**Work to be completed**
Lines from the one with "Still a very" to the end of the material, both included: print them exactly and print nothing else. Omit the pictures.

** Data block follows **

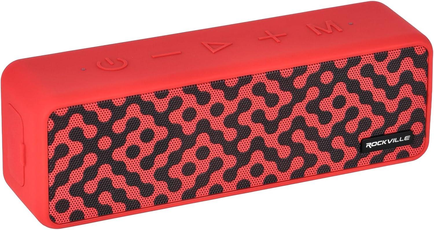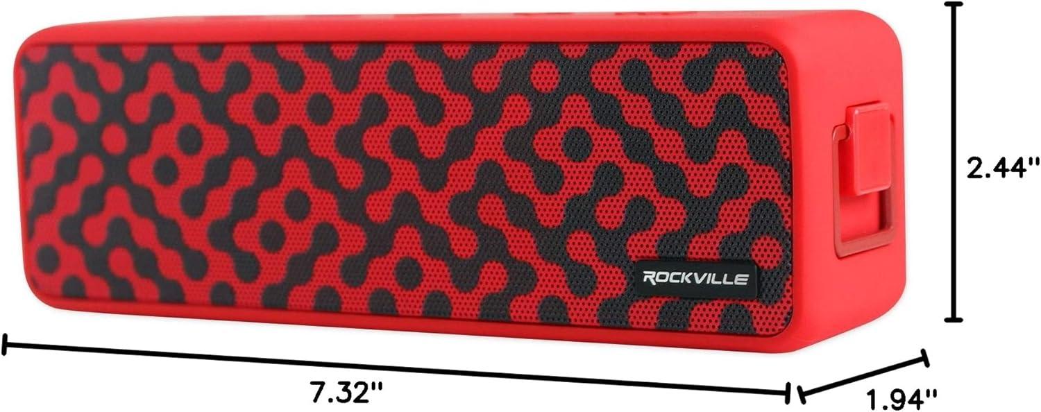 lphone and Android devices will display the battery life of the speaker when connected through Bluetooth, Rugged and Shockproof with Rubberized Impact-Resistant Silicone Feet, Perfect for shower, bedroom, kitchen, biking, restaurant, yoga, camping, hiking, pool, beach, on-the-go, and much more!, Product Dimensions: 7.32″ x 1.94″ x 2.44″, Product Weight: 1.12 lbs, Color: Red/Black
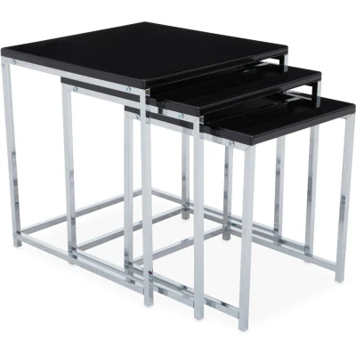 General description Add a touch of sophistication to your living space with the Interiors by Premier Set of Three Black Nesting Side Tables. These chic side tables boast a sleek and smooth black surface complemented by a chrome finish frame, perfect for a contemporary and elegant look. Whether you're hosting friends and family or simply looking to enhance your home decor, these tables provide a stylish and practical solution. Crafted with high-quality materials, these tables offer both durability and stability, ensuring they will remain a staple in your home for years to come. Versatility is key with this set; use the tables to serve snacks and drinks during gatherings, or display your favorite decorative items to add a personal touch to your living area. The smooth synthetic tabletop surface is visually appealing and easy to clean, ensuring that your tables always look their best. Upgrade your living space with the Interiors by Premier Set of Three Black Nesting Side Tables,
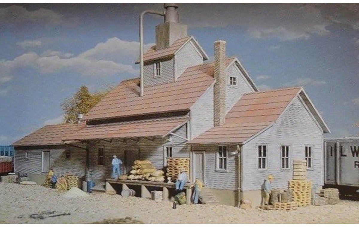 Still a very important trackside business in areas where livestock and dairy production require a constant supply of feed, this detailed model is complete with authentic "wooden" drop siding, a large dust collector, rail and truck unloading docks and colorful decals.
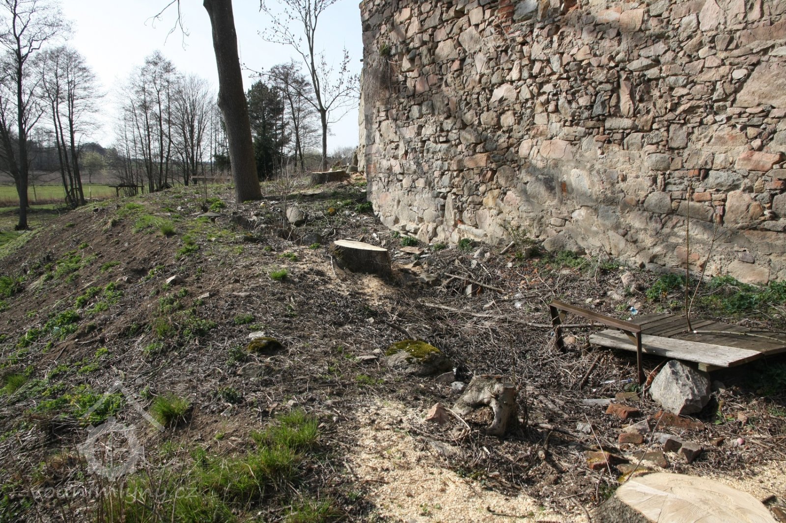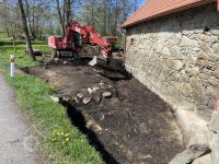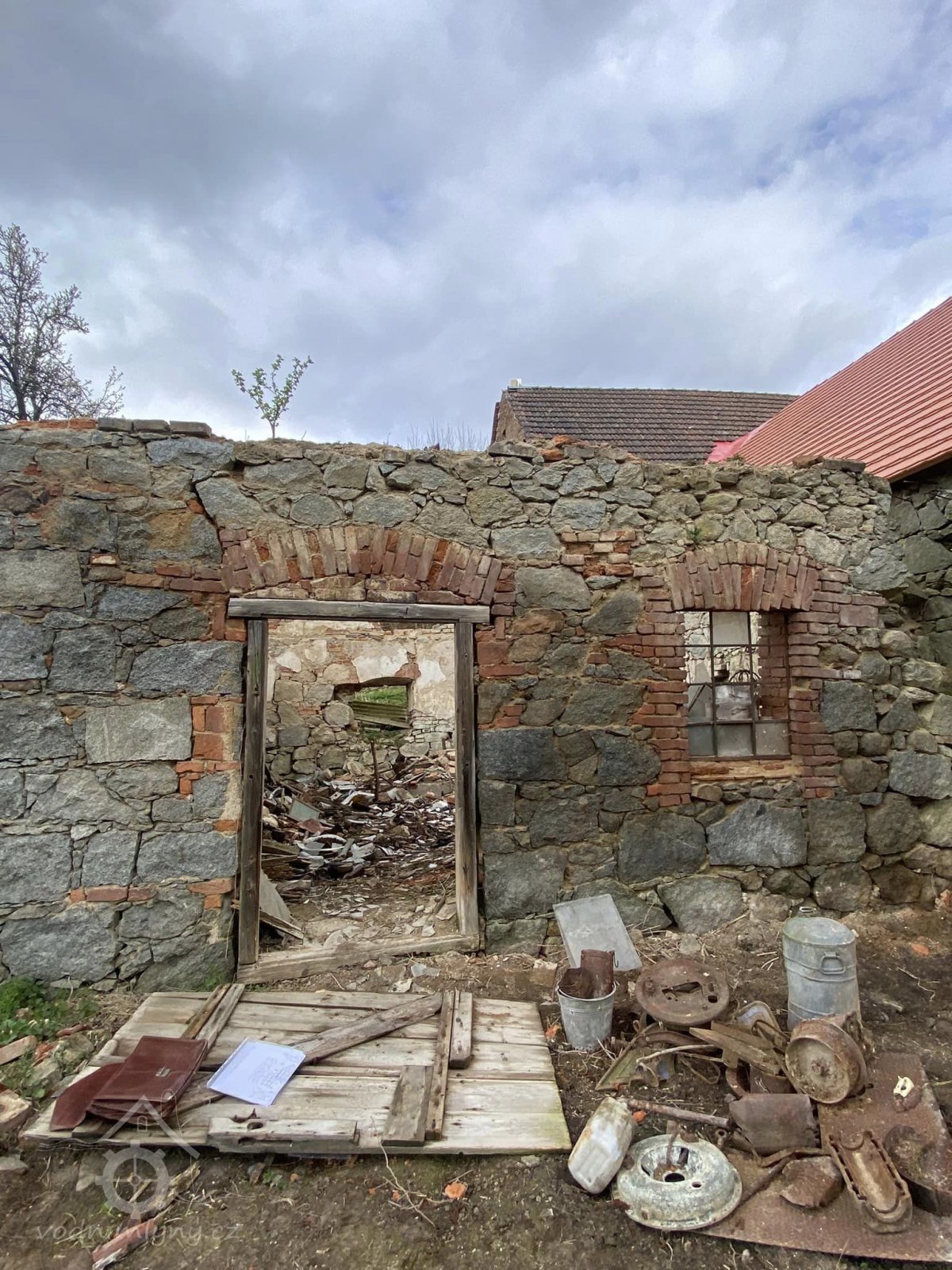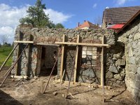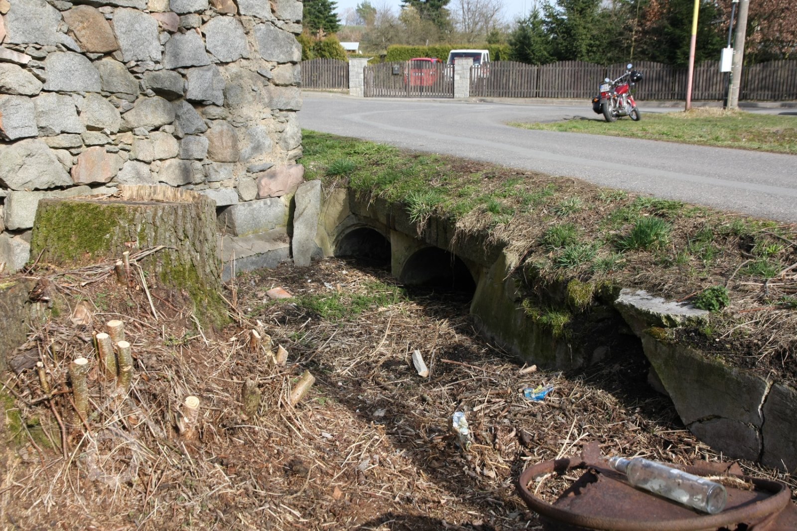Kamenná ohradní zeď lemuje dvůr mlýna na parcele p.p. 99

** End of Data block **

**Response**
 Still a very important trackside business in areas where livestock and dairy production require a constant supply of feed, this detailed model is complete with authentic "wooden" drop siding, a large dust collector, rail and truck unloading docks and colorful decals.
Kamenná ohradní zeď lemuje dvůr mlýna na parcele p.p. 99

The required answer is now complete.